Depending on the variability of text data images that your machine learning system may need to handle, your OCR neural net model could be very performant with off-the-shelf models that you didn't even fine-tune. Some of the multi-step architectures, such as the architectures showcased in the PaddleOCR tool or the CRAFT model with the VGG backbone, are leaps and bounds beyond the convolutional neural networks of ten years ago, which were so commonplace in computer vision and OCR tasks.
Experiment with several OCR libraries – and within those libraries, experiment with several model architectures, too – to see which are well-suited to your text recognition needs. Don't be afraid to augment your images while testing to make sure that your OCR choice is performant under a wide range of 'text conditions', e.g., augment training images with a tool like albumentations.
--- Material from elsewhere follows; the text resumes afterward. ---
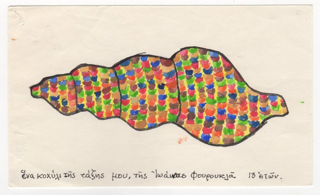 Απόκομμα χαρτιού, 8×13,5 εκ., με αναπαραγωγή έργου της Ιωάννας Φουρουκλά, μαθήτριας του Κώστα Ιωακείμ.

And finally, the OCR tools we showcased above all have active development communities on Github; ask questions in the respective development communities, and you can learn a lot from engineers and researchers who have been working in OCR for several decades as well as from new-comers to OCR and deep learning. Many of the skills you'll pick up optimizing and setting up deep-learning-based OCR pipelines are easily transferable to other computer vision tasks, so check out some of our other Reports on computer vision models!
Addendum
For an interesting analysis of Tesseract versus cloud provider's OCR tools - Amazon and Google - check out this paper hosted on the Springer Verlag website: OCR with Tesseract, Amazon Textract, and Google Document AI: a benchmarking experiment.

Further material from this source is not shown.